CRM pour agences de placement et de recrutement

Le placement de personnel a deux côtés, et la plupart des logiciels n’en voient qu’un. Un système de suivi des candidatures (ATS) suit les candidats, un CRM suit les clients, et l’argent se fait au milieu : le placement, les heures qu’il génère, l’attestation qui doit être valide le jour même et la marge que personne ne calcule avant la fin du mois.

Où le CRM générique ne tient pas :

Des candidats traités comme des contacts. Un contact n’a ni disponibilités, ni certifications avec dates d’expiration, ni taux de rémunération. Ces trois éléments sont toute la question opérationnelle qu’une agence se pose à longueur de journée.

Aucun objet de placement. Le placement, c’est là où se rencontrent le taux facturé, le taux de rémunération, les charges et la durée. Sans lui, la marge est une reconstitution de fin de mois plutôt qu’une décision prise au moment de confirmer le placement.

Des feuilles de temps hors du système. Les heures arrivent en photos et sont saisies séparément dans la paie et la facturation : c’est à la fois une double saisie et la principale source de litiges de facturation.

La conformité comme simple rappel. Un avertissement sur un permis qui expire est un message que quelqu’un ne lira peut-être pas. Placer un travailleur sans certification, ça coûte un client.

Le modèle de données qui convient vraiment :

Attestation. Typée, avec une date d’expiration et un blocage ferme du placement, plus une dérogation consignée pour qu’un gestionnaire puisse accepter le risque délibérément plutôt que par accident.

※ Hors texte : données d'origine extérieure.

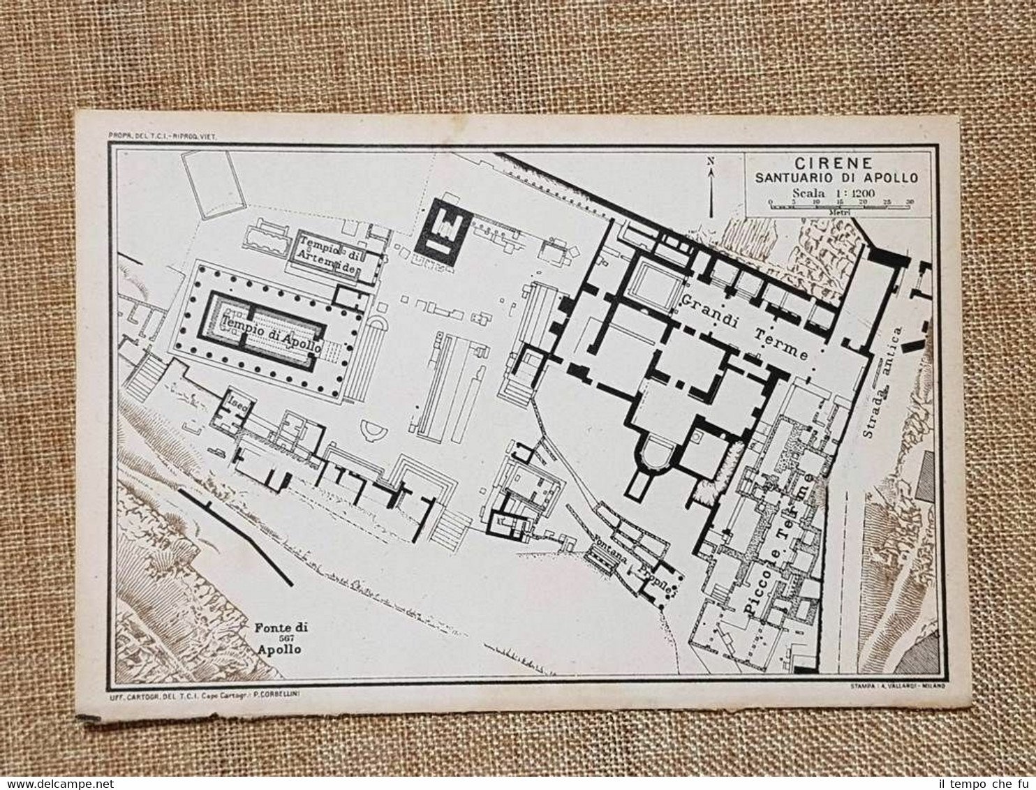 Pianta o piantina del 1929 Cirene Santuario d'Apollo Libia Touring Club Italiano
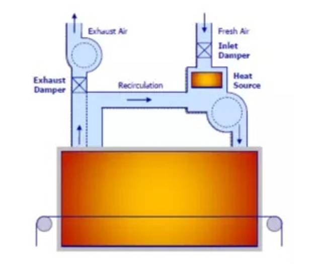 这种烘箱结构客户可以根据工艺情况,在保证安全和不影响产品质量的情况下,增大回用热风的比例,即可降低总的排风量,增加废气排放浓度。但如果废气排放浓度比较高时,为保证安全,需安装LEL监测器, 避免爆炸的风险。
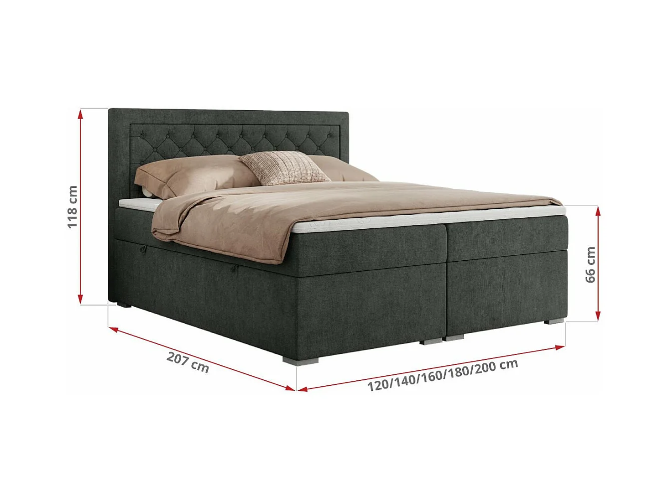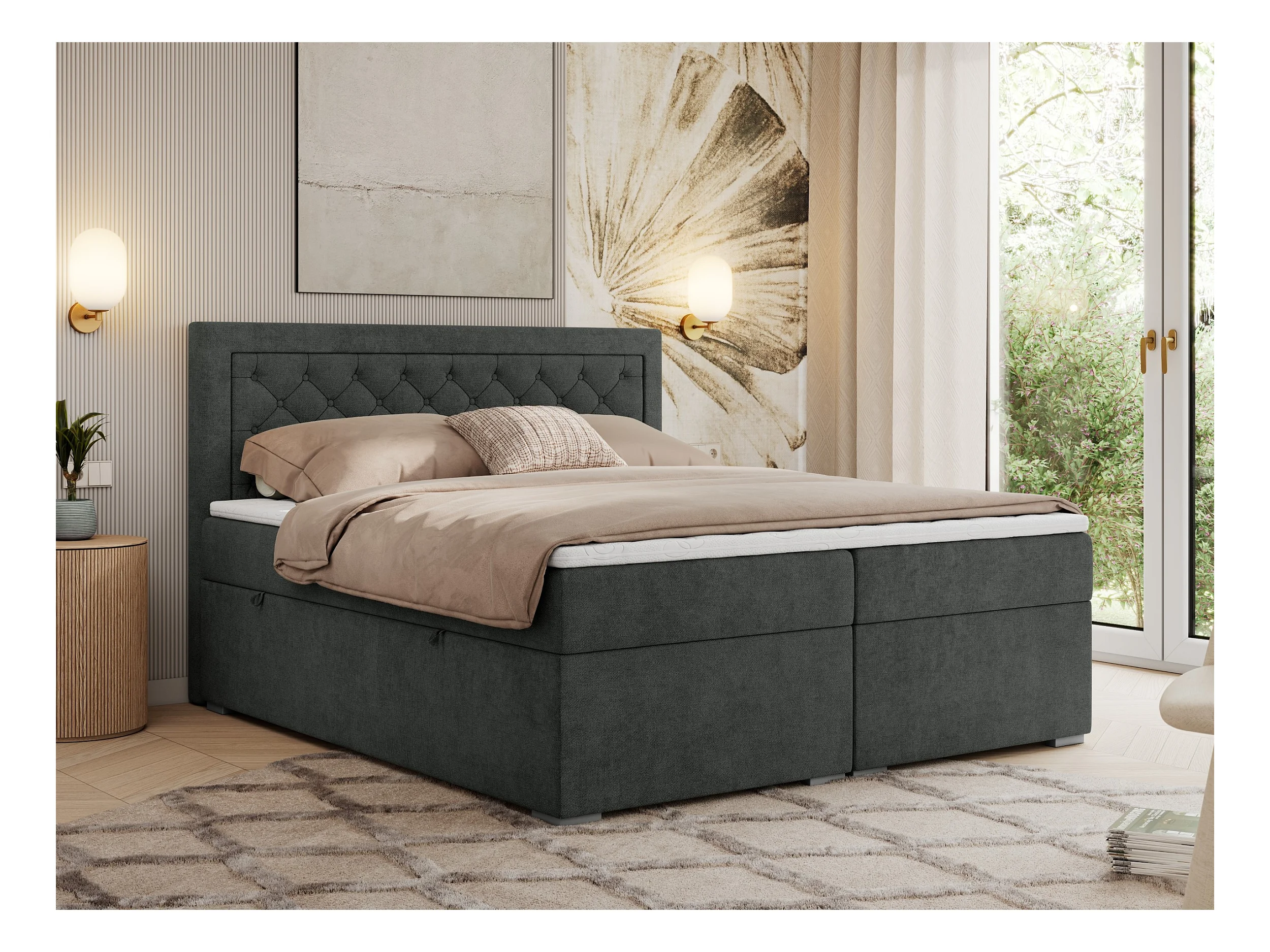 Boxspringbett JASIR - mit gestepptem Kopfteil, Doppelbett für Schlafzimmer, Multipocket-Matratze, Stauraum - 200x200 cm - H4 - Dunkelgrau Strukture

Placement. Client, travailleur, poste, taux facturé, taux de rémunération, charges et dates — l’objet qui rend la marge connue dès la confirmation plutôt qu’à la fin du mois.

Feuille de temps. Des heures structurées, saisies par le travailleur ou approuvées par le client, qui alimentent la paie et la facturation à partir d’une seule saisie.

Disponibilité. En temps réel pour chaque candidat, par compétence et par certification, pour qu’une demande de main-d’œuvre trouve réponse dans les données plutôt que dans la mémoire de quelqu’un.

Notre verdict : Si votre ATS est bon, gardez-le et bâtissez la couche placement et conformité. Si vous fonctionnez avec des tableurs et une boîte de réception, un système conçu pour gérer attestations, placements et feuilles de temps se rentabilise par les seuls litiges de facturation évités.

Pourquoi bloquer un placement sur une attestation expirée plutôt que d’avertir?

Parce que le risque est asymétrique. Un avertissement manqué peut coûter une relation client ou déclencher un problème réglementaire; un blocage avec dérogation consignée coûte dix secondes à un gestionnaire et rend la décision explicite.

Comment amener les travailleurs à bien remplir leurs feuilles de temps?

Faites-en un lien par texto, sans connexion, en quelques touchers, et faites en sorte que la paie en dépende. Chaque étape de friction transforme une feuille de temps en photo, et une photo veut dire que quelqu’un doit la ressaisir.

Les clients devraient-ils approuver les feuilles de temps dans le système?

Quand ils l’acceptent, oui — ça élimine complètement les litiges de facturation. Quand ils refusent, consignez leur approbation par courriel sur la feuille de temps plutôt que de la laisser dans une boîte de réception.

Est-ce que ça fonctionne pour le placement permanent comme pour le temporaire?

Les attestations et les disponibilités servent aux deux. Les feuilles de temps et le suivi des marges ne comptent que pour le temporaire et le contractuel; dans une agence axée sur le recrutement permanent, ils restent inactifs sans nuire.